By the way, the depletion mode D
The horizontal cross-sectional shape of the P-type well region 2 in the MOS is a quadrangle as shown in FIG.

[0004]

The depletion mode DMOS has a channel region even if the gate voltage is zero volt (a so-called normally-on type device). Therefore, in order to turn it off, the gate voltage (signal) is required. It is necessary to eliminate the carrier of the N-type channel 4 by applying. The voltage at which the on / off state changes is the so-called threshold voltage. However, in the depletion mode DMOS, there is a problem that the absolute value of the threshold voltage becomes large when the chip temperature rises, and as a result, in order to turn it off (to eliminate the carrier of the N-type channel 4). Has a problem that a larger gate voltage is required.
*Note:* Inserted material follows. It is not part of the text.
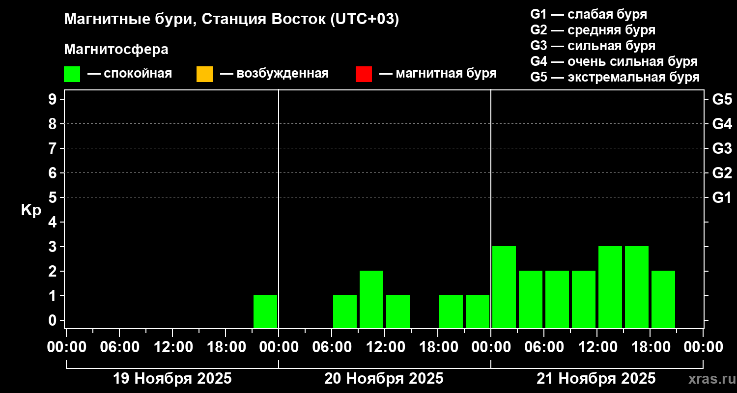 Магнитные бури локации Станция Восток 21 ноября 2025 года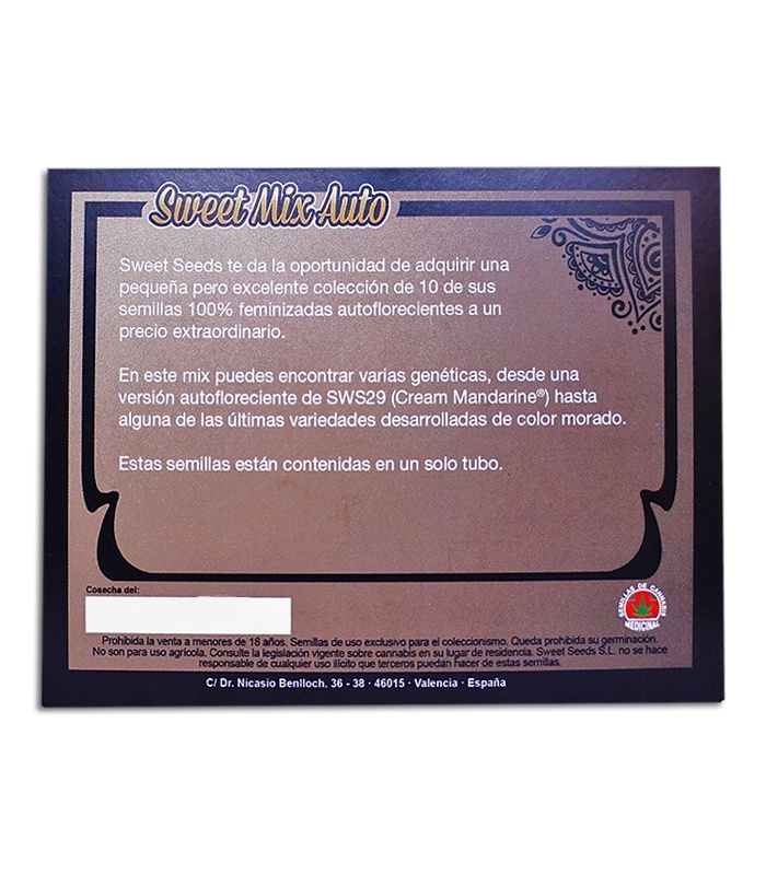 Коллекционные наборы Sweet Seeds всегда отличались своим качеством, как и каждый из отдельно взятых сортов сид-банка. Вместе с набором Sweet Mix Auto у гроверов появилась возможность приобрести сразу несколько сортов марихуаны. Всего в коробке можно найти 10 автоцветущих фемок. В коллекционном наборе собрались удивительные сорта!

The present invention has been made in view of the above circumstances, and an object thereof is to provide a semiconductor device in which the temperature dependence of the threshold voltage is small.

[0006]

In order to achieve the above object, a first conductivity type source region is formed on a main surface of a first conductivity type semiconductor substrate, and the source region is formed. A well region of the second conductivity type is formed surrounding the channel region, and a channel of the first conductivity type is formed in a surface region of the well region interposed between the main surface of the semiconductor substrate and the source region. And a gate electrode formed on the insulating film via an insulating film, wherein the well region has a substantially polygonal horizontal cross-section, and an angle forming the corner of the polygon is 135 degrees or more. Is what
When the corner portion of the well region has an angle of 135 degrees or more, the impurity concentration in the surface region of the well region can be made uniform, so that the impurity concentration in the channel becomes uniform, resulting in a threshold voltage. The temperature dependence of is reduced.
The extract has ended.